ドイツ連邦議会がiPhoneのNFCチップをApple Pay以外のモバイル決済サービス企業に開放することを義務づける趣旨の法案を可決しました。アップルはこれに対して、データ保護と財務情報のセキュリティが損なわれる可能性があるとコメントしています。
米Reuters報道によると、この法律はアップルを具体的に名指しせず「電子マネーのインフラ運営者に対して、合理的なマージンを支払う他社モバイル決済サービスにインフラへのアクセスを認めることを義務づける」というもの。マネーロンダリング防止法の修正というかたちで、来年初めに施行される予定です。

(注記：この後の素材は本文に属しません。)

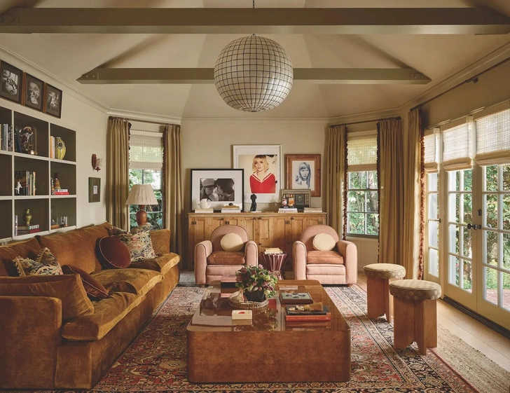 Интерьеры нового дома Эмме Робертс помогла оформить студия Pierce & Ward. Актриса поставила дизайнерам нестандартную задачу — создать пространство, которое не будет выглядеть новым, но в то же время будет неподвластным времени. Часто для этого выбирают усредненные аккуратные решения, но Эмма решила уйти в тотальный максимализм.

アップルの名前こそ挙がっていないものの、Androidスマートフォンでは全てのカードと銀行アプリがNFCチップにアクセスできると謳われています。それに対してiPhoneでのNFCによる支払いは「Walletアプリに追加されたカードや決済サービス」のみ。今回の法律も、事実上Apple Payを狙い撃ちしたと言えそうです。
アップル広報は「この法律がいきなり導入されたことに驚く」とコメント。「ユーザーの使いやすさやデータ保護、および財務情報のセキュリティに有害である可能性がある」としています。
しかし他のEU加盟諸国も、ドイツの動きに続くかもしれません。EUの独禁法規制当局がApple Payを調査しているとの噂は、10月にも報じられたばかりです。当局からの質問に対して、企業側からはiPhoneの初期設定中にApple Payをセットアップするよう促したり、アップルが競合他社の決済サービスをWalletアプリに持ち込むのを拒否したなど、Apple Payが他社サービスを排除するようiOSに統合されていると裏付ける回答があったとも伝えられています。
近年サービス事業への進出がめざましいアップルにとって、Apple Payは主要な成長分野の1つです。米金融大手モルガン・スタンレーも、その決済額が2022年には1900億ドル(約26兆7000億円)、2027年には3040億ドル(約33兆円)に達し、オンライン決済業界トップのPayPalとの差も着実に縮小すると予想していました。アップルにオンライン決済での主導権を握られることに、EU諸国も危機感を募らせているのかもしれません。